At least 110 people have been detained in different Russian cities during actions to protest the death in prison of opposition leader Alexei Navalny, according to OVD-Info, an organization that protects the rights of detained opponents.

More than half of the arrests (69) were carried out in Saint Petersburg, the hometown of Russian President Vladimir Putin. The rest were arrested in Moscow, Nizhny Novgorod, Krasnodar and other cities in the European part of Russia and Siberia, OVD-Info states on its website.

In addition, the Police collected the personal data of all participants in these events, including the journalists who came to cover them.

Since Friday, law enforcement forces and plainclothes agents have been trying to remove all memorials created by Navalny’s supporters, both in monuments to the victims of political repression and in improvised places.

This happened, according to local Telegram channels, in front of the Kremlin on the bridge where opposition leader Boris Nemtsov was murdered in 2015.

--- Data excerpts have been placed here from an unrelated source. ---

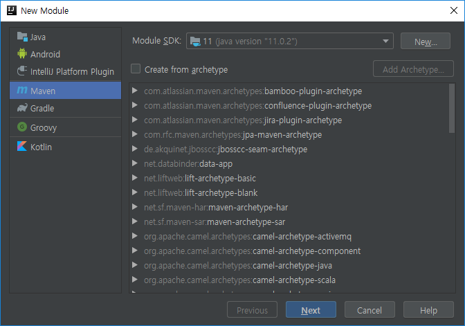 저의 경우에는 Maven 프로젝트를 하기 위해 타입을 "Maven"으로 선택하겠습니다.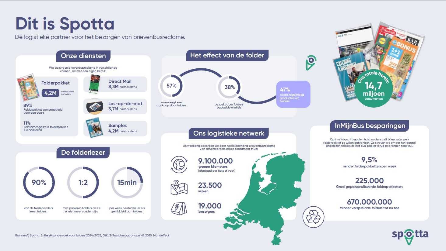 Elke week bereiken we miljoenen huishoudens in Nederland met brievenbusreclame in verschillende vormen: van folderpakketten samengesteld voor buurten tot gepersonaliseerde pakketten en direct mail. Met ons landelijke netwerk en datagedreven aanpak zorgen we ervoor dat consumenten precies die brievenbusreclame ontvangen die voor hen relevant is. Bekijk in onderstaande infographic de meest recente cijfers rondom ons bereik, logistieke netwerk, InMijnBus platform en diensten!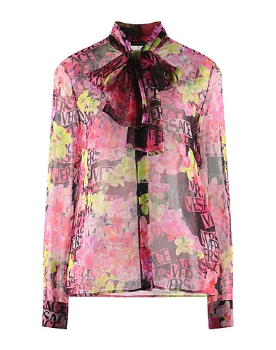 bow shirt, crepe, brand logo, floral-print, bow-tie neckline, long sleeves, buttoned cuffs, button fastenings, no pockets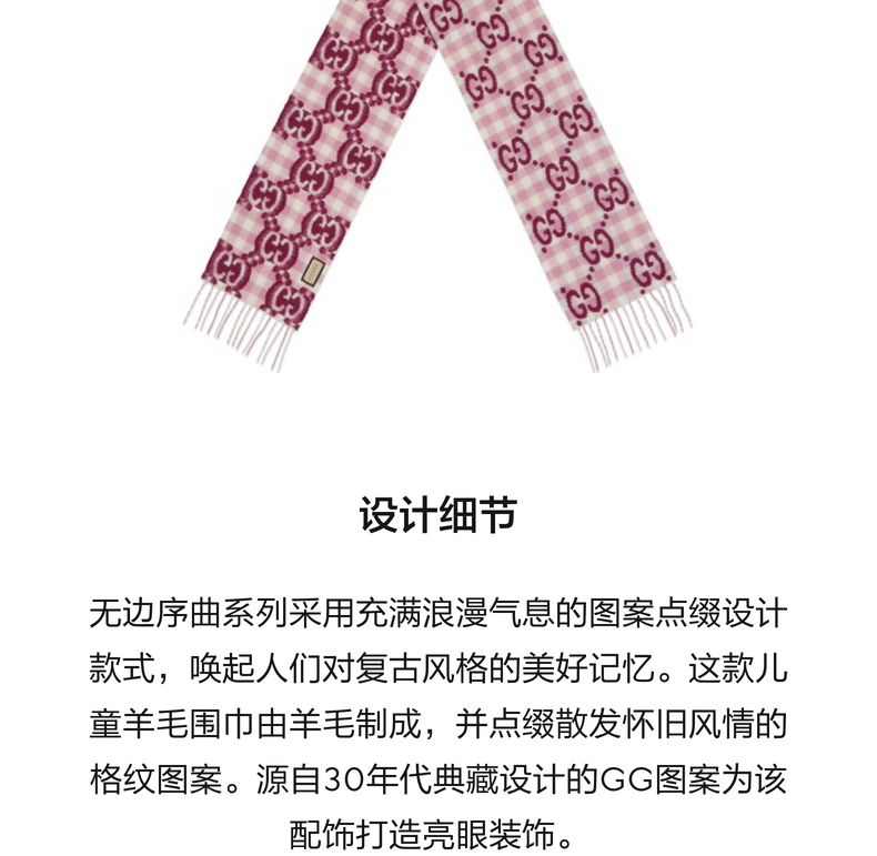 [新品]GUCCI古驰 儿童格纹羊毛围巾
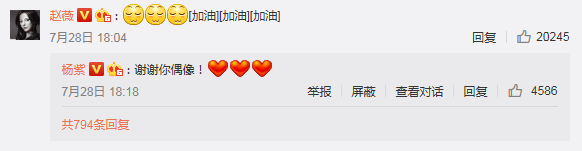 ▲付出總是會有回報的,小妮子前不久就被偶像趙薇翻牌,楊紫也是激動地表示感謝,成功地演繹了追星的正確打開方式。
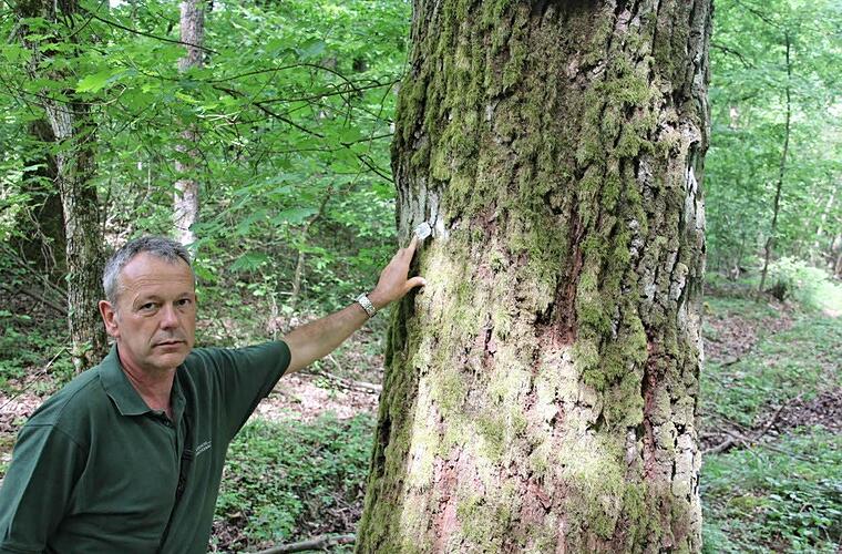 Einige Schritte gegangen, zeigt der Forstbeamte auf einen Feldahorn. "Das ist der Baum des Jahres 2015." Totholz, so sagt Gnannt, sei ein wichtiges Element des Naturschutzes. Während er das sagt, ertönt hoch oben der Zwitschergesang eines Pirols. Wegen des Laubs ist der kleine gelbe Kerl mit seinen schwarzen Schwingen nur schlecht zu sehen. In dem Waldstück, der Förster bezeichnet es als "Mittelwald", sind Bäume mit ganz unterschiedlichem Umfang zu sehen, viele Eichen sind dabei.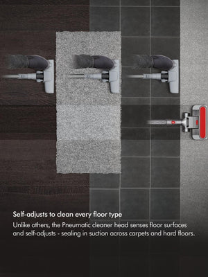 Pneumatic Musclehead Floor Tool: Automatically adjusts to different floor surfaces, sealing in suction without the need to change cleaner heads.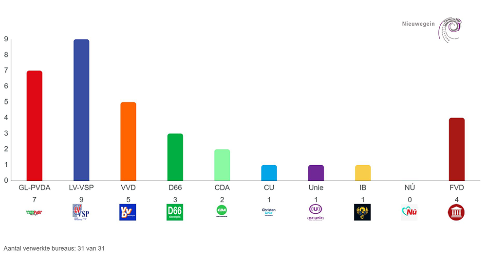 Hieronder vindt u de uitslag en zetelverdeling.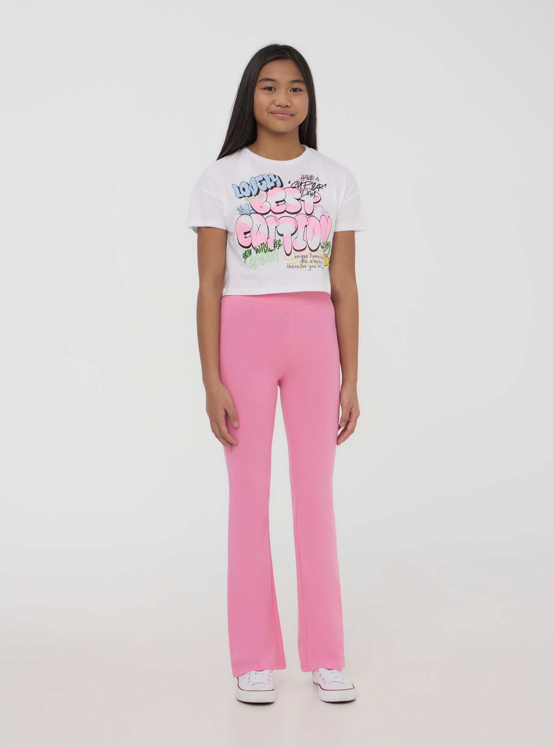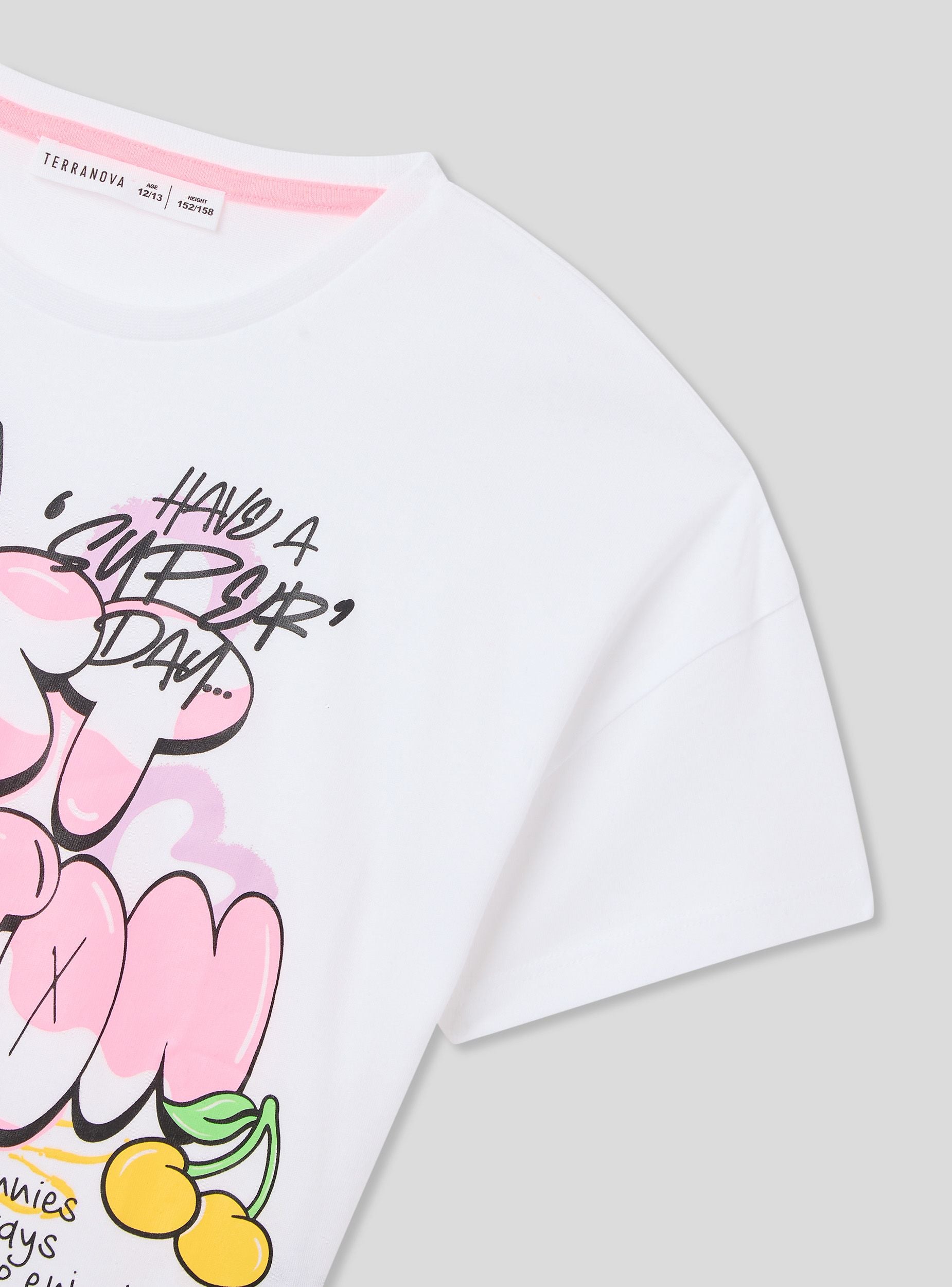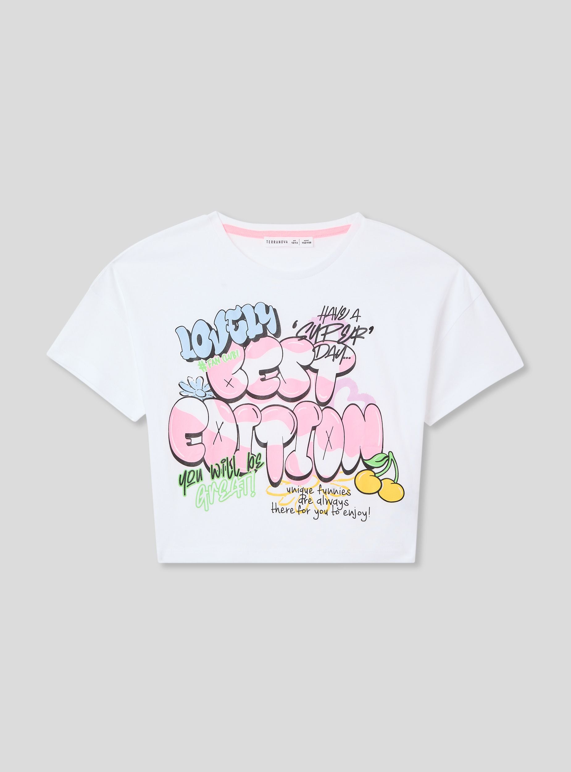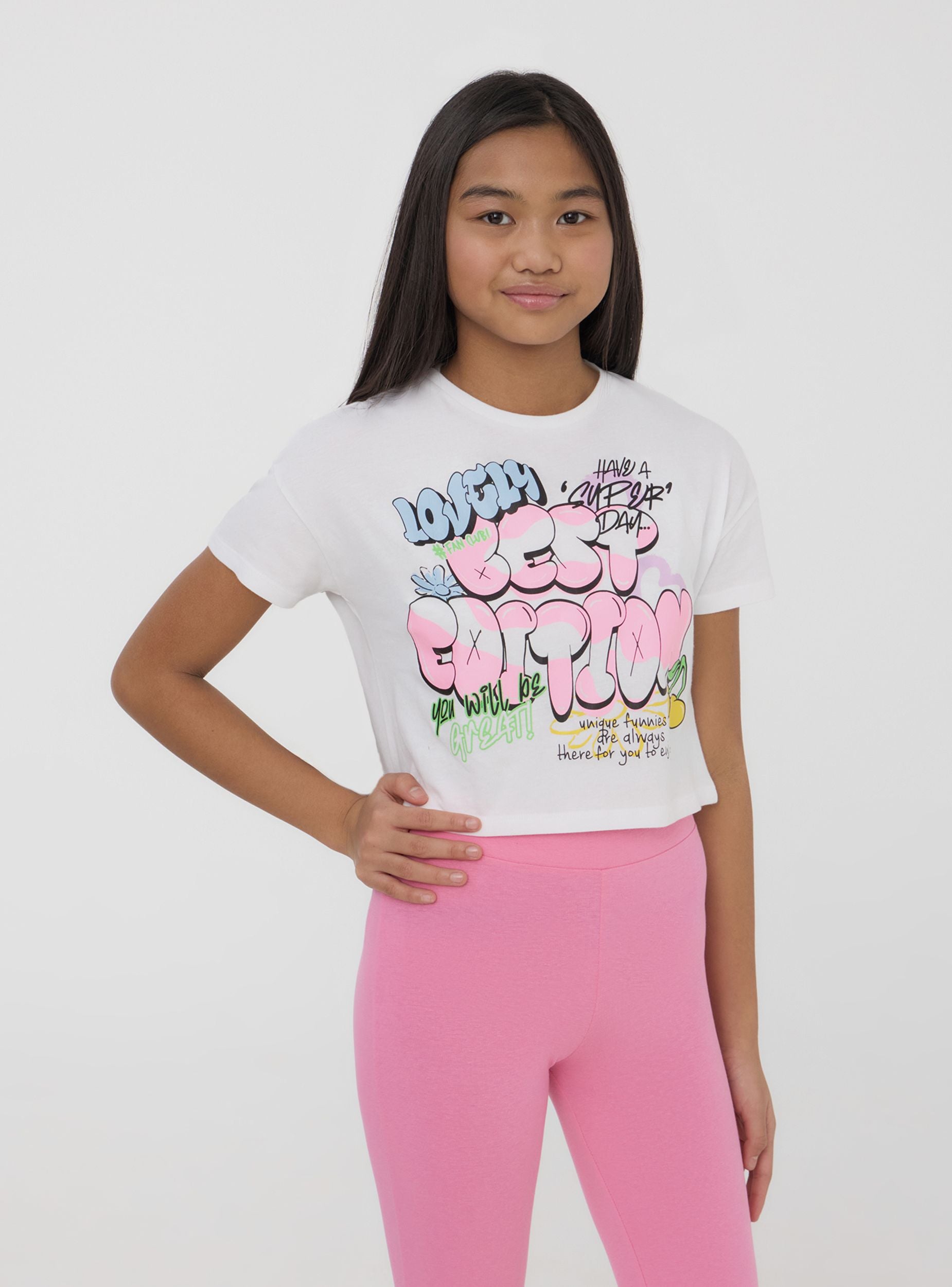 Тениска за момичета с къс дизайн, перфектна за небрежен и модерен вид. Разполага с ярък графити печат, който добавя градски и креативен акцент на изделието. Моделът е завършен с класически кръгъл врат и къси ръкави, предлагащи удобна и универсална кройка. Идеална за по-топлите дни, тази тениска лесно се съчетава с дънки или шорти за свеж и забавен аутфит.Детайли

According to the local press, numerous people have paid tribute to the opposition leader since the day before by placing flowers or placing candles in designated places in their cities.

Thousands of Russians in exile took to the streets to protest what they consider a murder commissioned by the Kremlin and called for more actions in European, American and Latin American cities on Saturday.

Navalny, 47, died suddenly on Friday in the Arctic prison where he had been since last December, according to the Russian prison services.

The opposition and the independent Russian press, and the Western foreign ministries in unison accused Putin of ordering the assassination of Navalny, the Kremlin’s number one enemy for 15 years.

Navalny, who was serving a sentence of almost 30 years in prison, was transferred to an Arctic prison in December after announcing a campaign against Putin’s re-election in the March presidential elections.

Presidential spokesman Dmitri Peskov considered “unacceptable” the accusations made by the West before the results of the autopsy are known.